Returning to David Patrikarakos’ baleful piece on the current situation in the DRC, and suggestions by her president, Joseph Kabila than MONUSCO should leave, in a previous blog-piece I discussed the ICC-trials arising from the Bogoro Massacre in February 2003.
The two senior commanders are Germain Katanga – former head the Patriotic Resistance Force in Ituri (FRPI), and an ethnic Ngiti – and Mathieu Ngudjolo Chui – one of Katanga’s senior officers as well as former head of the National Integrationist Front (NIF), and an ethnic Lendu. The strategically-placed village of Bogoro had been inhabited predominately by ethnic Hema, and by the Hema-led Union of Congolese Patriots (UPC).
The best way to describe the various actors in the Ituri Conflict which these events formed a part, not to mention the wider chaos of the region over the past two decades, is by a simple weather report: “showers of bastards everywhere”. Following the adoption of the Rome Statute in 2002 and the authorization by what passed for a national Government in the DRC for the ICC to indict the various bastards, the first individual to be arrested under a warrant was, in fact, the founder and head of the UPC, Thomas Lubanga (pictured above).

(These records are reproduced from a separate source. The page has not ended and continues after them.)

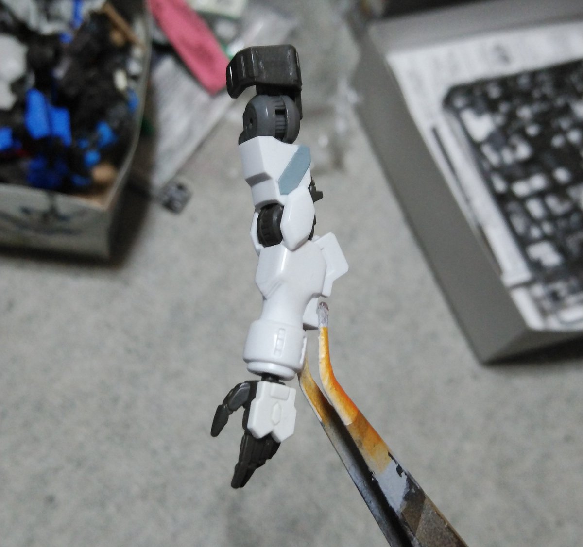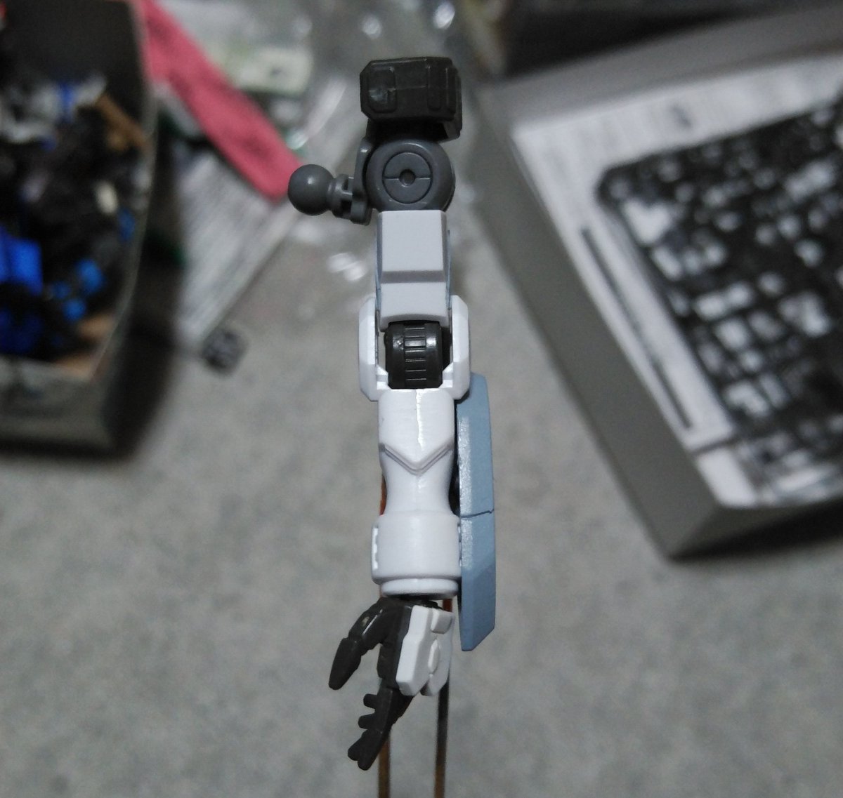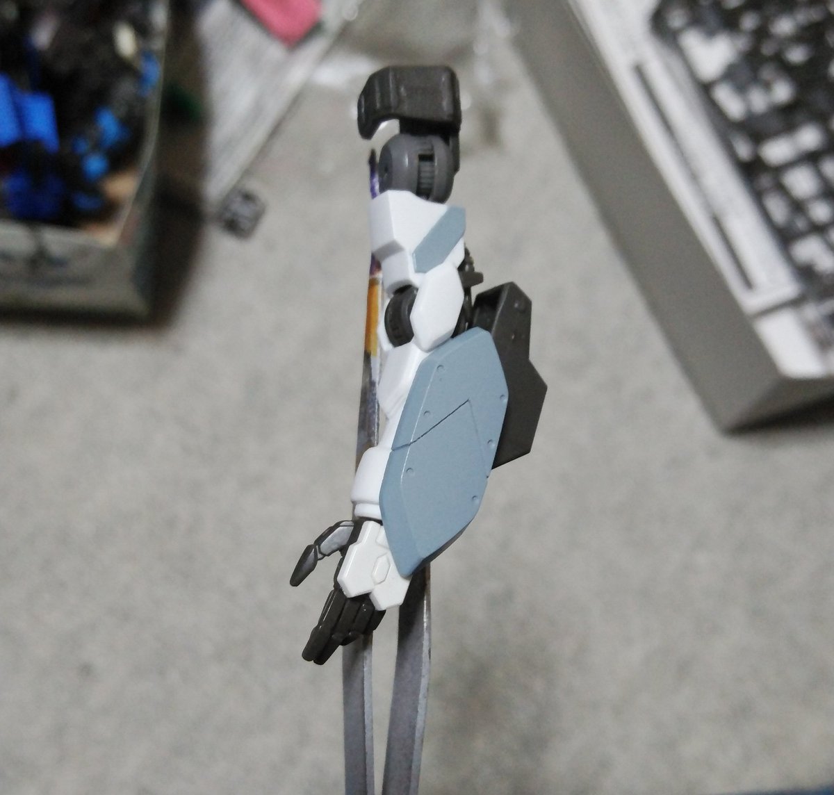 #ガンプラ バルバトス進捗。肘装甲とガントレットを接着。これで第一(二)形態↔第三形態が切り替え可能に 腕とガントレットの間に隙間をつくる事が出来た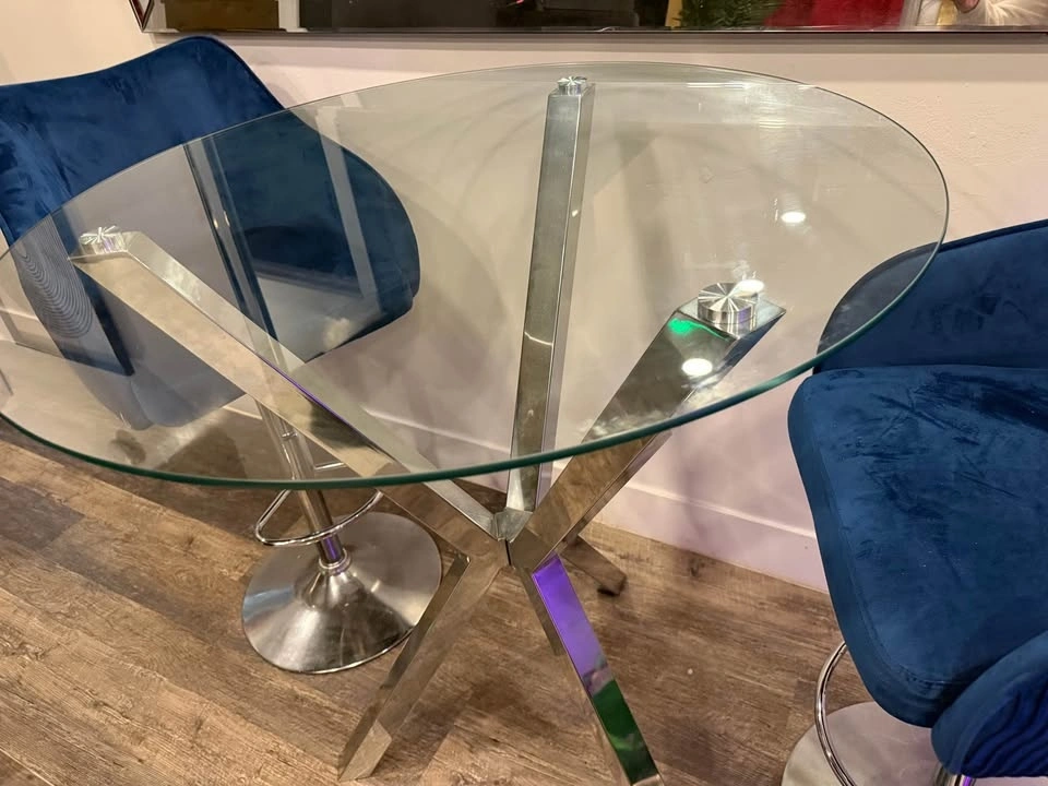 High Dining Glass Table with Two Barstool Chairs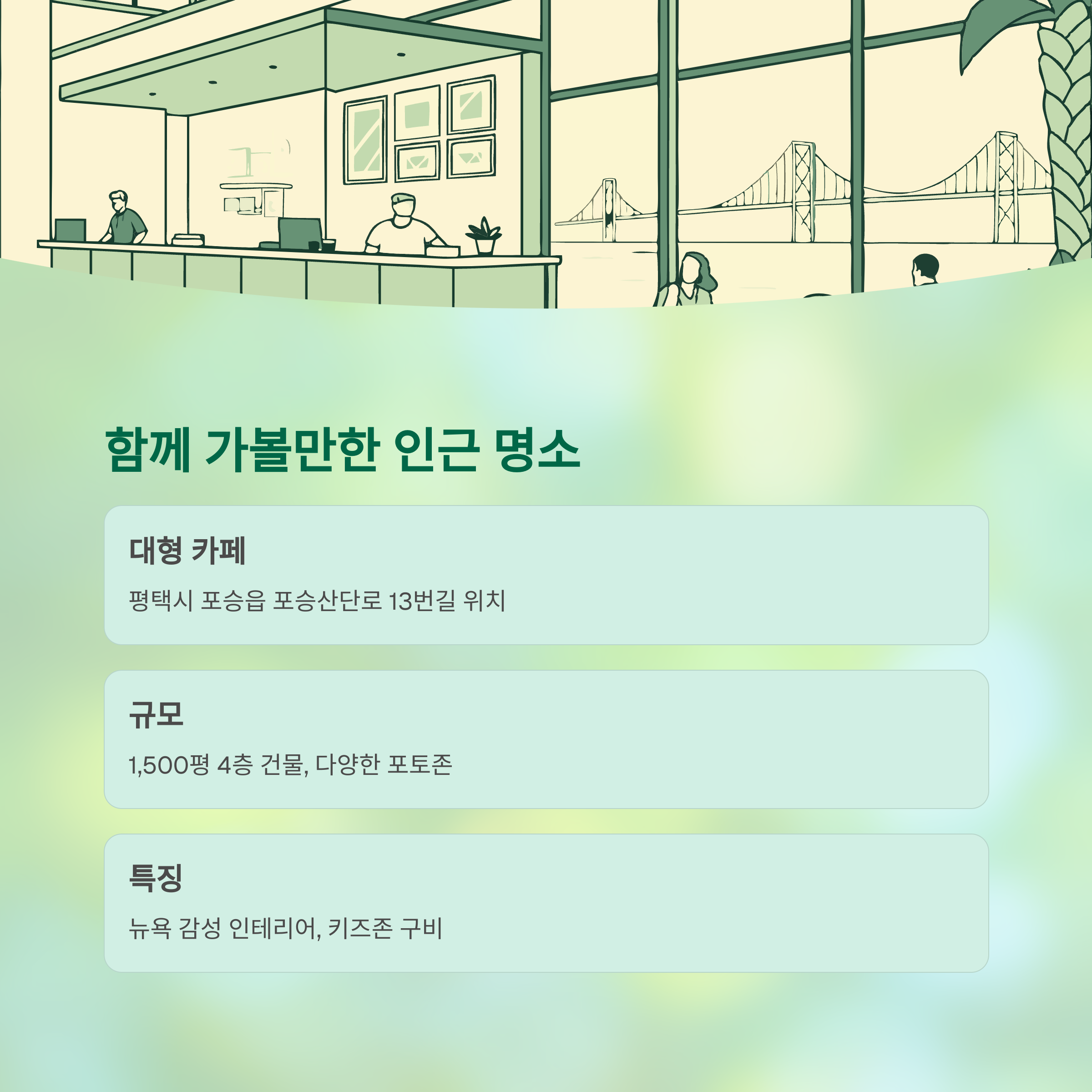 평택시 포승읍 포승산단로 13번길에 위치한 대형 카페도 추천드립니다.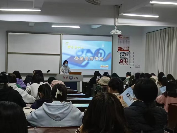 3月7日晚上,20名防诈骗宣传志愿者组成4支队伍,深入新生班级进行防诈骗宣讲。宣讲共分为四个部分:盘点常见的电信诈骗套路、电信诈骗经典案例解析、防范措施交流互动、国家反诈中心APP普及。

In the weeks surrounding the Bogoro Massacre alone, the UPC stands accused of numerous attacks on other villages which resulted in several lesser mass-killings before being ousted from the region by Ugandan forces which the FRPI and NIS had been aligned, as well as earlier eye-watering killings of non-Hema for no reason other than that.
Whilst attempting to operate as a purely political operator, Lubanga was arrested by Congolese forces in March 2005 following the killings of nine Bangladeshi UN peacekeepers at Kafe village in Ituri Province almost two years to the day after the Bogoro Massacre, apparently by UPC militia (although, unlike Belgian UN peacekeepers who could express their contempt for UN power-structures which left 10 of their comrades to be massacre by the Interahamwe in April 1994 by spitting on their blue caps, all SE Asian rivalries were forgotten, as Bangladeshis and Indians and Pakistanis and Nepalese returned with devastating firepower).

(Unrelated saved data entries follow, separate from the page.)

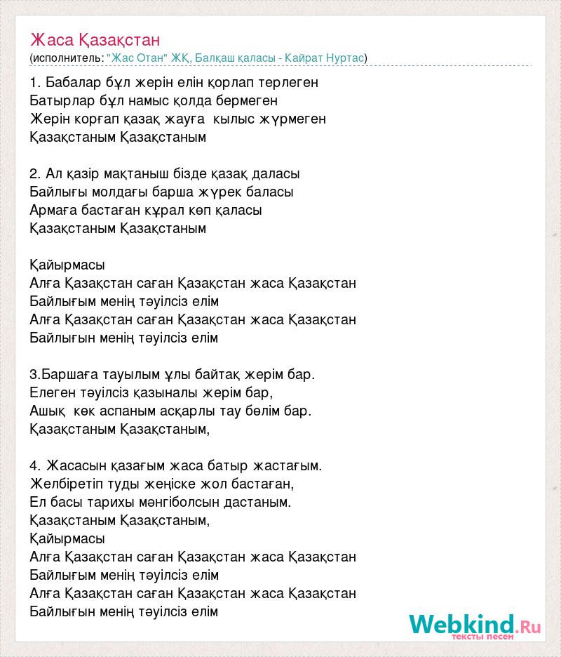 1. Бабалар бұл жерін елін қорлап терлеген Батырлар бұл намыс қолда бермеген Жерін корғап қазақ жауға кылыс жүрмеген Қазақстаным Қазақстаным 2. Ал қазір мақтаныш бізде қазақ даласы Байлығы молдағы барша жүрек баласы Армаға бастаған кұрал көп қаласы Қазақстаным Қазақстаным Қайырмасы Алға Қазақстан саған Қазақстан жаса Қазақстан Байлығым менің тәуілсіз елім Алға Қазақстан саған Қазақстан жаса Қазақстан Байлығын менің тәуілсіз елім 3.Баршаға тауылым ұлы байтақ жерім бар. Елеген тәуілсіз қазыналы жерім бар, Ашық көк аспаным асқарлы тау бөлім бар. Қазақстаным Қазақстаным, 4. Жасасын қазағым жаса батыр жастағым. Желбіретіп туды жеңіске жол бастаған, Ел басы тарихы мәнгіболсын дастаным. Қазақстаным Қазақстаным, Қайырмасы Алға Қазақстан саған Қазақстан жаса Қазақстан Байлығым менің тәуілсіз елім Алға Қазақстан саған Қазақстан жаса Қазақстан Байлығын менің тәуілсіз елім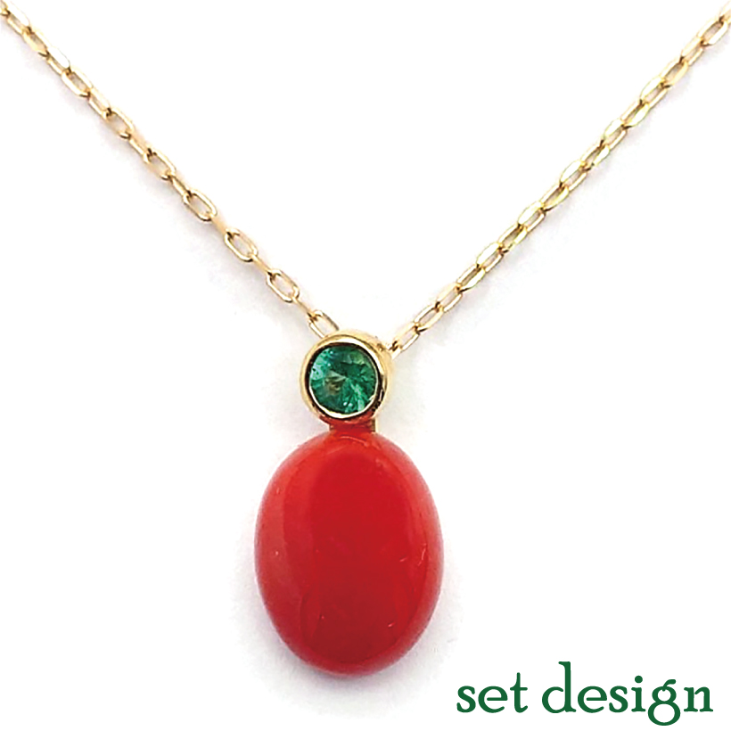 | 商品名 | カボション珊瑚 エメラルド1石デザイン 直結ピアス |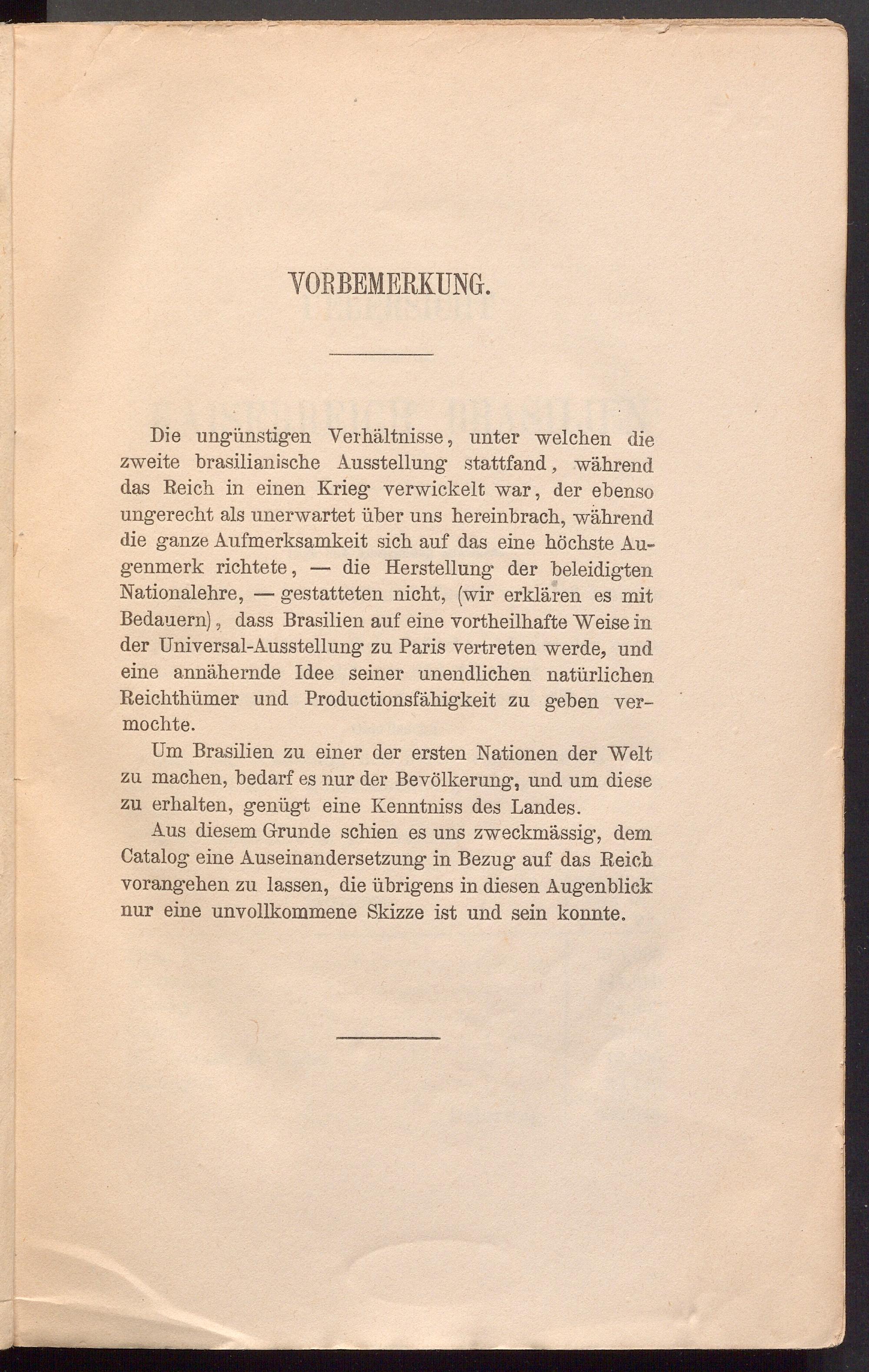 Die ungünstigen Verhältnisse, unter welchen die zweite brasilianische Ausstellung 1 stattfand, während das Reich in einen Krieg 1 verwickelt war, der ebenso ungerecht als unerwartet über uns hereinbrach, während, die ganze Aufmerksamkeit sich auf das eine höchste Augenmerk richtete, — die Herstellung der beleidigten Nationalehre, — gestatteten nicht, (wir erklären es mit Bedauern), dass Brasilien auf eine vortheilhafte Weise in der Universal-Ausstellung zu Paris vertreten werde, und eine annähernde Idee seiner unendlichen natürlichen Reichthümer und Productionsfähigkeit zu gehen vermochte.

His transfer to ICC custody came a year later, albeit solely on charges of using child soldiers. The narrowness of these charges have attracted criticism due to the lack of opportunity for victims of the wider conflict to see an individual interrogated and/or punished (cf. Jean-Pierre Bemba Gombo facing trial only for actions in the Central African Republic), but also due to the matter of Lubanga not having held direct operational command: although the Prosecution must therefore show he had personal responsibility and knowledge of the enlisting of children under 15 on the front-line, it is helped some what by his having had personal bodyguards as young as 10.
(A similar warrant was issued for Bosco Ntaganga, one of Lubanga’s senior commanders in the UPC and who remains at large in the DRC.)
Although Lubanga was the first to be arrested on behalf of the ICC, such restrictions meant that proceedings for his trial began less than two years ago. Since then, there has been a six month adjournment following complaints from the Defence team that the Prosecution willfully was withholding information, as discussed by one project in the Open Society Justice Initiative. Further in camera hearings meant that proceedings were further delayed, and will resume tomorrow, 6 December.
The same project discussed a visit by Joseph Kabila to Ituti Province in September, during which he attended a UPC rally. This was seen by the author as a crude attempt to court the Hema vote in advance of national elections next year, and could be linked with his call for MONUSCO forces to leave the DRC.
Large areas of the eastern DRC, not least Ituri Province, are by no means stable as seen with the mass-rape around the village of Luvungi, Kivu Province July/August by Hutu militia. Discontent at Lubanga’s trial amongst UPC loyalists and other Hema remains, and Kabila appears to be encouraging rumours that Lubanga could be released by the end of the year.
This is highly unlikely, and the inevitable disappointment could well inflame tensions once more. Even if Lubanga were to be released, or acquitted, Ngiti and Lendu chauvinists are liable to feel aggrieved as their fellows remain on trial; as they do already because of the much wider, and easier to demonstrate charges against Germain Katanga and Mathieu Ngudjolo Chui.